TASK DIRECTIONS: From the line containing "浪漫的草寫立體刺繡LOGO,兼具實用及簡約時尚的萬用束口袋。" to the final line of the material below, return every line exactly. Do not include pictures.

GIVEN INFORMATION:
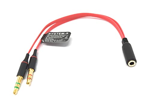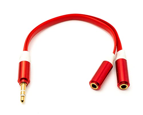SYSTEM-S Audio Y-kabel 20 cm stereo AUX-uttag 3,5 mm kontakt till 2 x uttag platt i rött
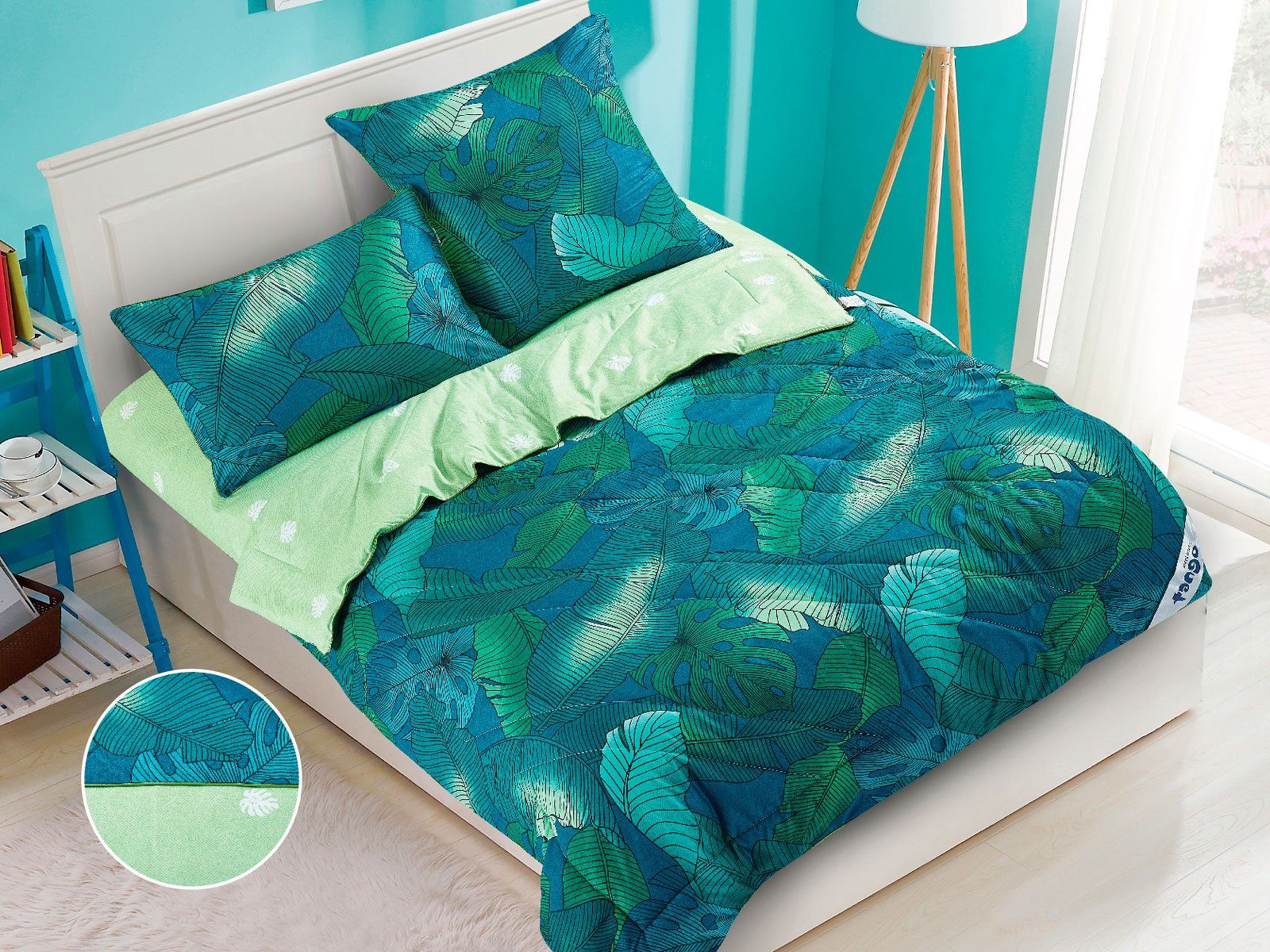 В данный комплект вместо пододеяльника входит облегченное одеяло. Комплект подойдет тем, кто устал от мучительного натягивания пододеяльников на одеяло.
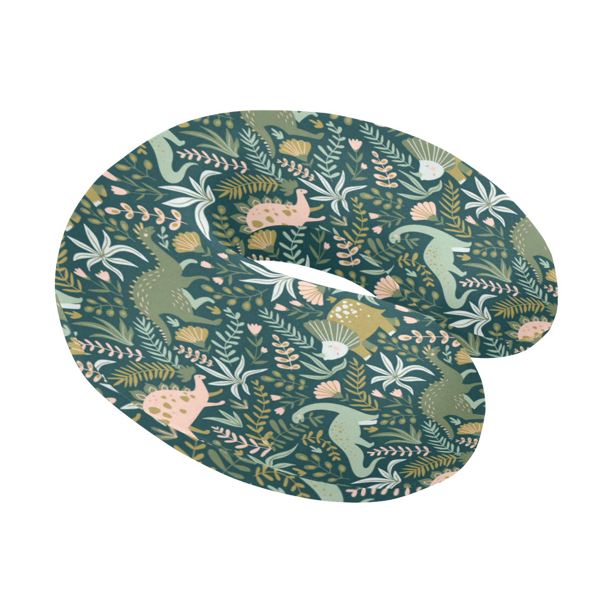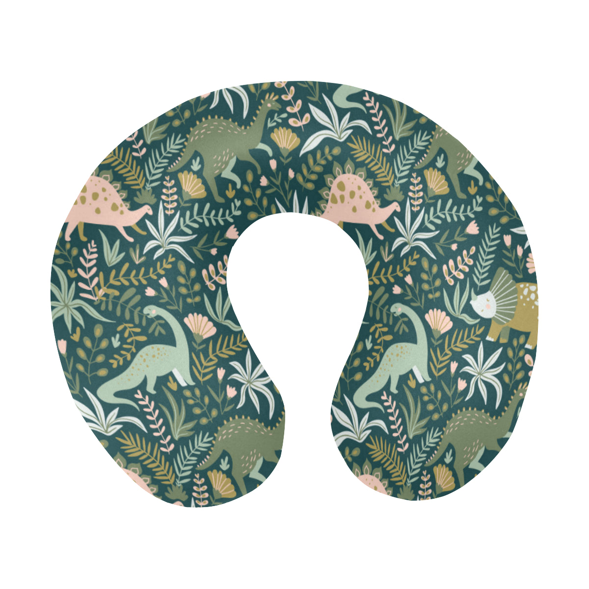 dinosaurs tropical leaves flower pattern U-Shaped Travel Neck Pillow
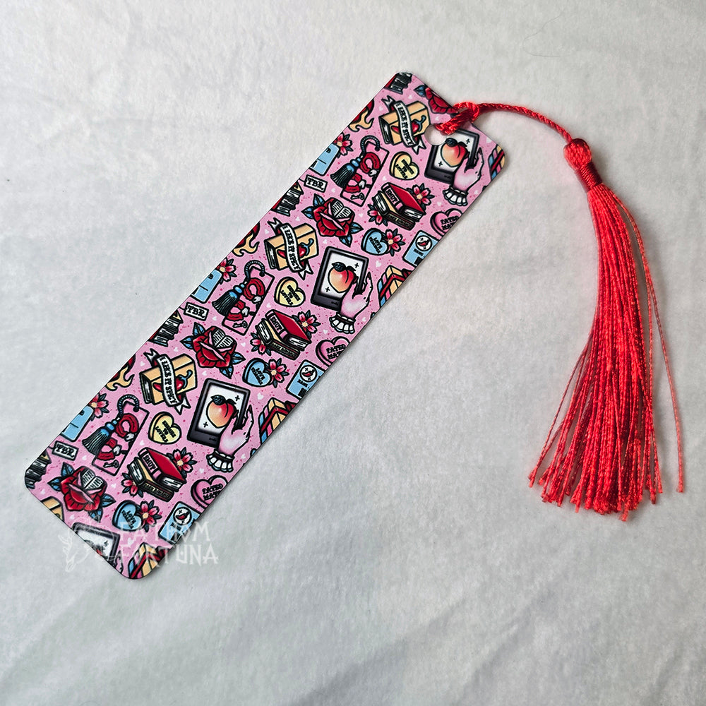 These sturdy aluminum sublimation printed bookmarks will make sure you don't ever lose your spot in that great story you're reading again! Printed on a single side with a blank metal back, these bookmarks measure 1.25" x 4.75" and have a coordinating tassle. Tassle color may vary from bookmark to bookmark!
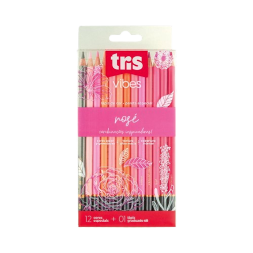 Lápis de cor Tris Vibes Rosé paleta especial 12 cores + lápis grafite 6B
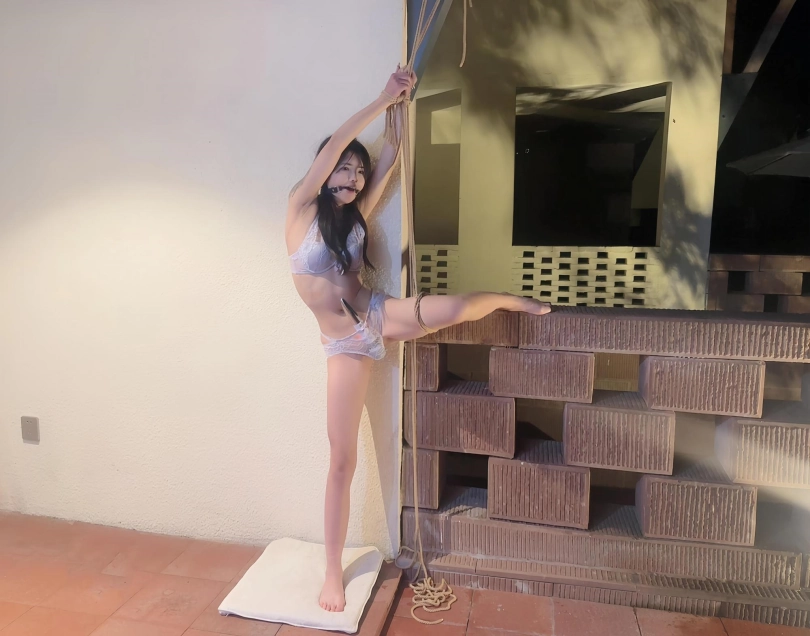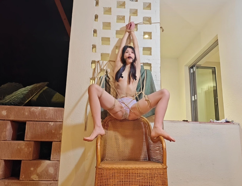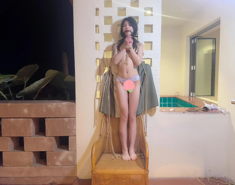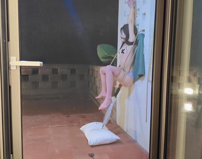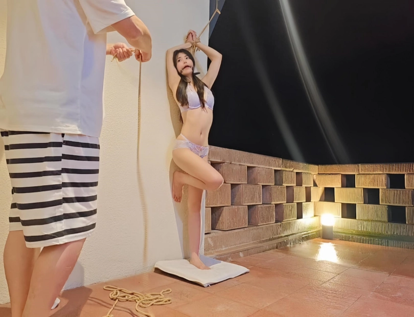 以为主人边喝茶边欣赏完捆绑挣扎的我就很快就会结束了,可是这只是夜晚来临前的小插曲,正真的游戏才刚刚开始,,外面下着小雨,,,他粗糙的把我扛到了外面的露台上,,在这海拔2000多的山上,又下着小雨,感觉好冷,,,不知不觉中,就被挂到了墙上,,,然后,,,,,雨伞加上棒子加上假玩具固定,此生真的是第一次尝试,关键是隔壁住的有人,还不敢呜呜大叫,,突然楼下传来声音,,民宿工作人员夜晚巡逻路过,,吓得大气都不敢出一下,,他们要是知道自己的女神此时此刻被一丝不挂的吊缚在露台上,离他们不到10米远,会是什么后果,,完全不敢想,,太羞耻了,我确实无法描述了,视频中见吧。
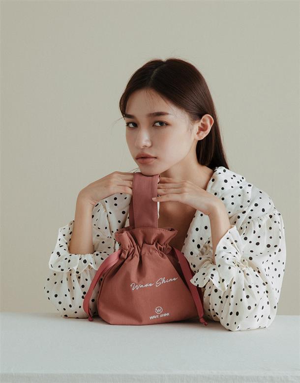 浪漫的草寫立體刺繡LOGO,兼具實用及簡約時尚的萬用束口袋。
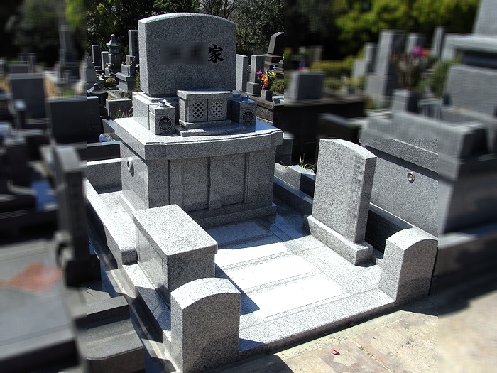 ●平尾霊園に、「楽」の字が印象的なフラットでバリアフリーのお墓建て替えが完了。家紋付きの花立ては再加工して活用、石張りのお墓へ
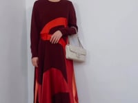 -The silk maxi dress showcases the brand's signature eccentric design with a burgundy base and lighter red satin panels, paired with a refined rounded neckline for timeless elegance.
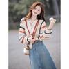 Damen Bunter Gestreifter Häkelpullover - Lockerer, Trendiger Stricktop für Frühling/Sommer
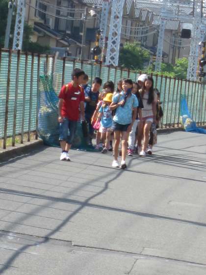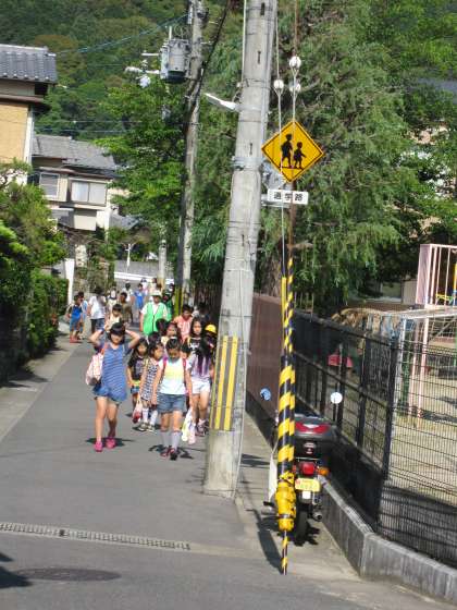 いつものように,見守り隊や保護者の方々と一緒に登校してきた子ども達でした。
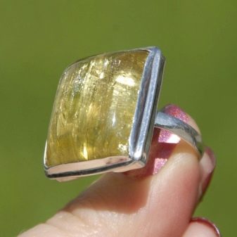- To maintain the beauty of the glossy surface, it is enough to wipe the heliodor with water with the addition of ammonia and soap. It is important to dry the jewelry to prevent moisture accumulation.
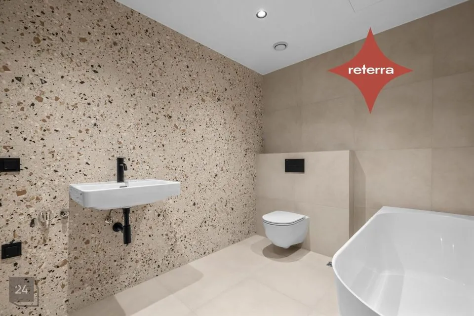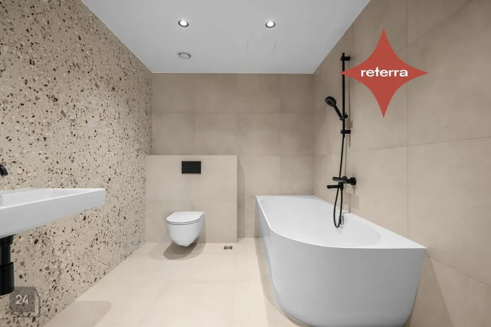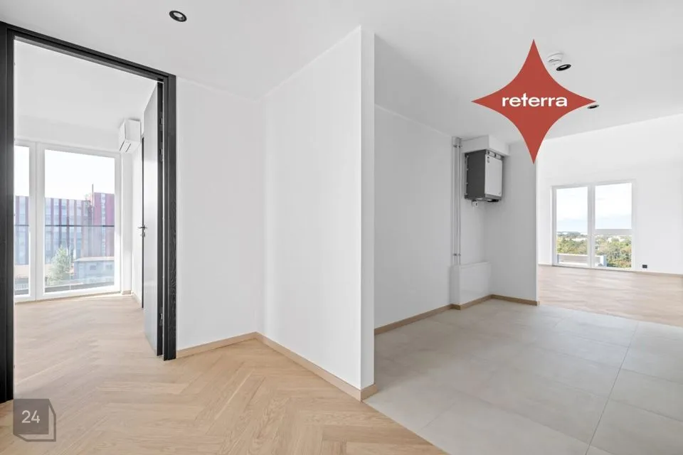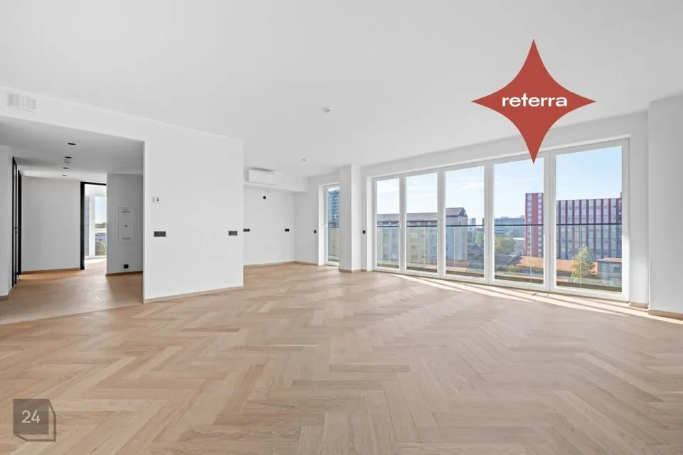 4-toalised korterid võtavad meil enda alla lausa pool maja (vt ka kuulutusele lisatud plaani) ning on väga funktsionaalselt liigendatud! Olemas on 2 vannituba, walk-in garderoob, eraldi nišis köök. Kõikjal maast laeni aknad ja vaated avanevad kolmes suunas. Kõikides korterites hinna sees kliimaseade.

RESPONSE TO THE EXERCISE:
 浪漫的草寫立體刺繡LOGO,兼具實用及簡約時尚的萬用束口袋。
 ●平尾霊園に、「楽」の字が印象的なフラットでバリアフリーのお墓建て替えが完了。家紋付きの花立ては再加工して活用、石張りのお墓へ
 -The silk maxi dress showcases the brand's signature eccentric design with a burgundy base and lighter red satin panels, paired with a refined rounded neckline for timeless elegance.
 Damen Bunter Gestreifter Häkelpullover - Lockerer, Trendiger Stricktop für Frühling/Sommer
 いつものように,見守り隊や保護者の方々と一緒に登校してきた子ども達でした。
- To maintain the beauty of the glossy surface, it is enough to wipe the heliodor with water with the addition of ammonia and soap. It is important to dry the jewelry to prevent moisture accumulation.
 4-toalised korterid võtavad meil enda alla lausa pool maja (vt ka kuulutusele lisatud plaani) ning on väga funktsionaalselt liigendatud! Olemas on 2 vannituba, walk-in garderoob, eraldi nišis köök. Kõikjal maast laeni aknad ja vaated avanevad kolmes suunas. Kõikides korterites hinna sees kliimaseade.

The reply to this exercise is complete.